Your instructions ::
Copy the data exactly. Images are to be left out.

--

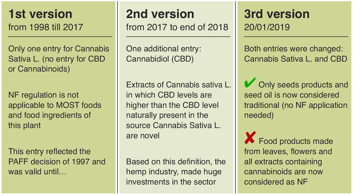 Below is an analysis of the various entries relating to Cannabis Sativa L (hemp), Cannabidiol (CBD) and the recent addition of a new category, Cannabinoids.
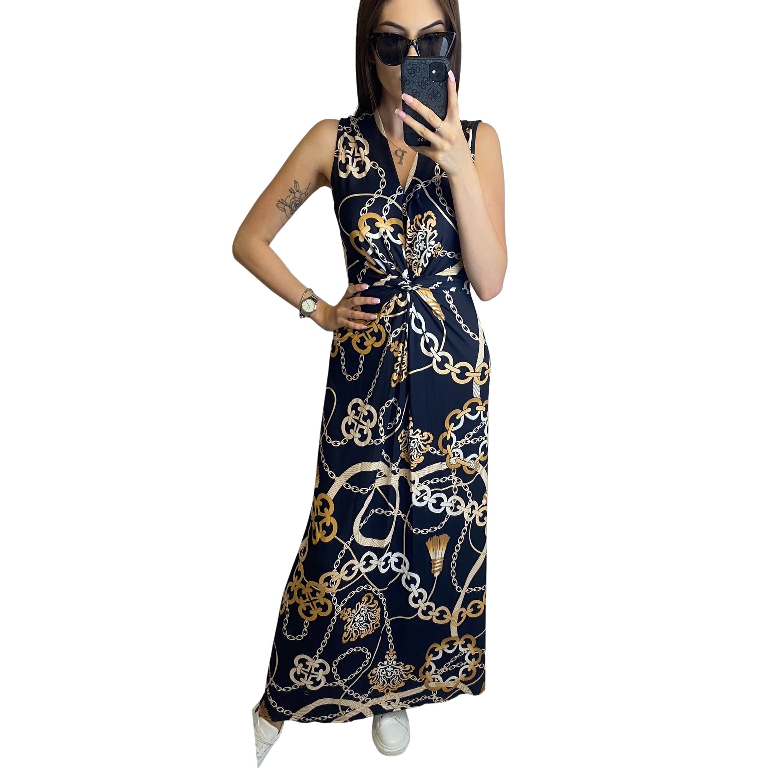 Schwarzes Maxikleid mit goldfarbenem, modernen Kettenmuster.
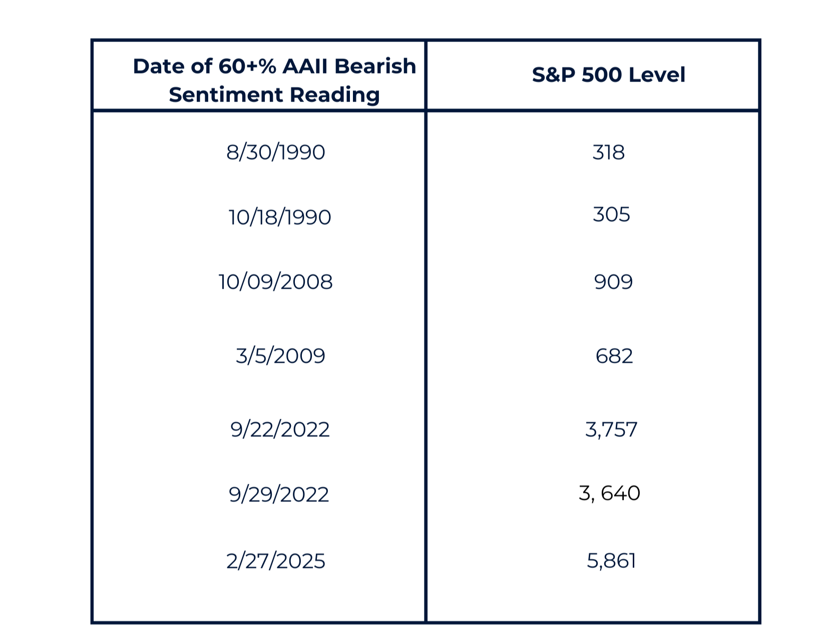 That’s good for the seventh highest reading ever since the survey’s inception in 1987, despite only a three percent drawdown. The only readings that eclipsed February’s latest reading occurred during the 1990 recession and Iraq’s invasion of Kuwait, the 2008 global financial crisis, and the recent 2022 bear market. During the height of the pandemic sell-off in 2020 the survey only peaked at 52% bears! Here’s where the S&P 500 closed the day of the seven highest bearish sentiment readings on record in chronological order:
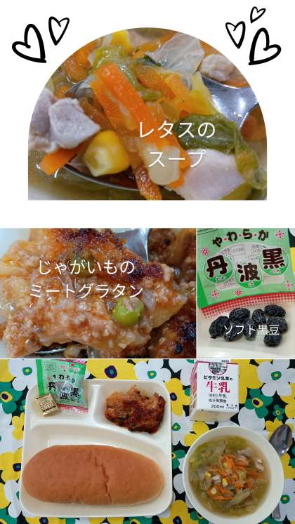 今日の給食(4月21日) 公開日 2025/04/21 更新日 2025/04/21 お知らせ コッペパン、バター、牛乳、じゃがいものミートグラタン、レタスのスープ、ソフト黒豆 ミートグラタンは、ひき肉、玉ねぎ、ジャガイモ、グリンピースが入っています。こんがり焼き目がついていて食欲をそそります。 スープは、普段生で食べることが多いレタスが入っています。柔らかいレタスもおいしいです! いいね(0)
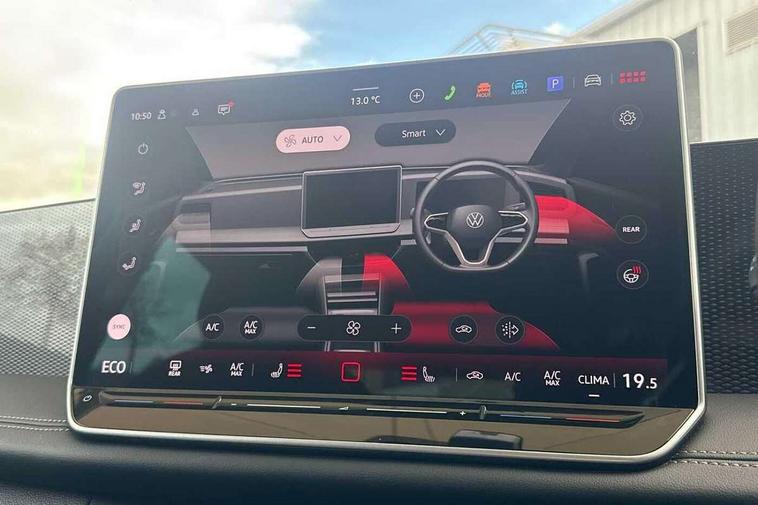 Adaptive cruise control (ACC), Advanced driver attention and drowsiness monitor, Bluetooth mobile phone interface, Car2X technology, Digital Cockpit Pro - 10.25" high resolution dash display screen with customisable menus and information, Dynamic road sign display, E-Sim card for online connectivity, eCall emergency call service, Front Assist - Autonomous emergency braking with pedestrian and cyclist monitoring, Lane change system, Side assist, Rear traffic alert and Exit warning system, Lane keeping system Lane Assist, Multifunction front facing camera, Oncoming vehicle braking when turning including swerve support, Park assistance plus with front and rear parking sensors, Power assisted steering with speed sensitive, Start/stop system with regenerative braking, Warning signal and warning light for front and rear seatbelts not fastened, Wireless App-Connect, Adaptive chassis control DCC pro includes driving mode selection, Charging cable Mode 3 Type 2 / 3 (16A), Front wheel drive, Rear shock absorption, Digital radio reception (DAB), Diversity antenna for FM reception, Ambient lighting with logo projection, Auto dimming interior rear view mirror, Automatic headlight control system, Body coloured bumpers and air intake with chrome trim, Body coloured door handles, Body-coloured exterior mirror housings, Coming/leaving home lighting function, Heat insulating glass in side and rear windows, Heat insulating windshield, Heated rear window, High level 3rd brake light, Illuminated door handle recesses, Illuminated lightline between headlamps, Rain sensor windscreen wipers, Rear fog light on one side, reversing light on both sides, Rear side wing doors, Rear wiper, 12V outlet in center console rear and in luggage compartment, 12V socket in centre console, 3 bench rear seats in 2nd row, Air care climatronic 3 zone air conditioning system with rear air conditioning control panel, Carpet mats, front and rear, Centre console with illuminated storage compartment with sliding cover and two drinks holders, Ceramique headlining, Door and side trim panel in foam film and woven fabric, Front centre armrest, ISOFIX anchors for child seats on outer rear seats and front passenger seat. Compatible with i-Size, Mechanical rear seat release, Power adjustable lumbar support in front, Rear bench seat, split folding, longitudinally movable and folding with load-through hatch and centre armrest, Safety optimised front head restraints, Single front passenger seat, Sun visors with illuminated vanity mirrors, Three rear head restraints, Variable luggage compartment floor, Comfort package with park assist pro - Tiguan, Design package - Tiguan, 3 point seat belt for centre rear seats, 3 Point seat belts in front with pretensioners, 3 point seatbelts in outer rear with ECE label, Driver and front passenger airbag with front passenger airbag deactivation, Electronic parking brake with auto hold, Front and rear curtain airbags, Front and rear side airbags, Front centre airbag, Front disc brakes, Manual child proof rear door locks, Rear disc brakes, Two tone horn, Warning triangle, Anti theft wheel bolts, Soul instrument panel, Airstop tyres, Tool kit for tyre mobility set, Tyre mobility kit including compressor and sealing foam,

--

Exercise result ::
 Below is an analysis of the various entries relating to Cannabis Sativa L (hemp), Cannabidiol (CBD) and the recent addition of a new category, Cannabinoids.
 Schwarzes Maxikleid mit goldfarbenem, modernen Kettenmuster.
 That’s good for the seventh highest reading ever since the survey’s inception in 1987, despite only a three percent drawdown. The only readings that eclipsed February’s latest reading occurred during the 1990 recession and Iraq’s invasion of Kuwait, the 2008 global financial crisis, and the recent 2022 bear market. During the height of the pandemic sell-off in 2020 the survey only peaked at 52% bears! Here’s where the S&P 500 closed the day of the seven highest bearish sentiment readings on record in chronological order:
 今日の給食(4月21日) 公開日 2025/04/21 更新日 2025/04/21 お知らせ コッペパン、バター、牛乳、じゃがいものミートグラタン、レタスのスープ、ソフト黒豆 ミートグラタンは、ひき肉、玉ねぎ、ジャガイモ、グリンピースが入っています。こんがり焼き目がついていて食欲をそそります。 スープは、普段生で食べることが多いレタスが入っています。柔らかいレタスもおいしいです! いいね(0)
 Adaptive cruise control (ACC), Advanced driver attention and drowsiness monitor, Bluetooth mobile phone interface, Car2X technology, Digital Cockpit Pro - 10.25" high resolution dash display screen with customisable menus and information, Dynamic road sign display, E-Sim card for online connectivity, eCall emergency call service, Front Assist - Autonomous emergency braking with pedestrian and cyclist monitoring, Lane change system, Side assist, Rear traffic alert and Exit warning system, Lane keeping system Lane Assist, Multifunction front facing camera, Oncoming vehicle braking when turning including swerve support, Park assistance plus with front and rear parking sensors, Power assisted steering with speed sensitive, Start/stop system with regenerative braking, Warning signal and warning light for front and rear seatbelts not fastened, Wireless App-Connect, Adaptive chassis control DCC pro includes driving mode selection, Charging cable Mode 3 Type 2 / 3 (16A), Front wheel drive, Rear shock absorption, Digital radio reception (DAB), Diversity antenna for FM reception, Ambient lighting with logo projection, Auto dimming interior rear view mirror, Automatic headlight control system, Body coloured bumpers and air intake with chrome trim, Body coloured door handles, Body-coloured exterior mirror housings, Coming/leaving home lighting function, Heat insulating glass in side and rear windows, Heat insulating windshield, Heated rear window, High level 3rd brake light, Illuminated door handle recesses, Illuminated lightline between headlamps, Rain sensor windscreen wipers, Rear fog light on one side, reversing light on both sides, Rear side wing doors, Rear wiper, 12V outlet in center console rear and in luggage compartment, 12V socket in centre console, 3 bench rear seats in 2nd row, Air care climatronic 3 zone air conditioning system with rear air conditioning control panel, Carpet mats, front and rear, Centre console with illuminated storage compartment with sliding cover and two drinks holders, Ceramique headlining, Door and side trim panel in foam film and woven fabric, Front centre armrest, ISOFIX anchors for child seats on outer rear seats and front passenger seat. Compatible with i-Size, Mechanical rear seat release, Power adjustable lumbar support in front, Rear bench seat, split folding, longitudinally movable and folding with load-through hatch and centre armrest, Safety optimised front head restraints, Single front passenger seat, Sun visors with illuminated vanity mirrors, Three rear head restraints, Variable luggage compartment floor, Comfort package with park assist pro - Tiguan, Design package - Tiguan, 3 point seat belt for centre rear seats, 3 Point seat belts in front with pretensioners, 3 point seatbelts in outer rear with ECE label, Driver and front passenger airbag with front passenger airbag deactivation, Electronic parking brake with auto hold, Front and rear curtain airbags, Front and rear side airbags, Front centre airbag, Front disc brakes, Manual child proof rear door locks, Rear disc brakes, Two tone horn, Warning triangle, Anti theft wheel bolts, Soul instrument panel, Airstop tyres, Tool kit for tyre mobility set, Tyre mobility kit including compressor and sealing foam,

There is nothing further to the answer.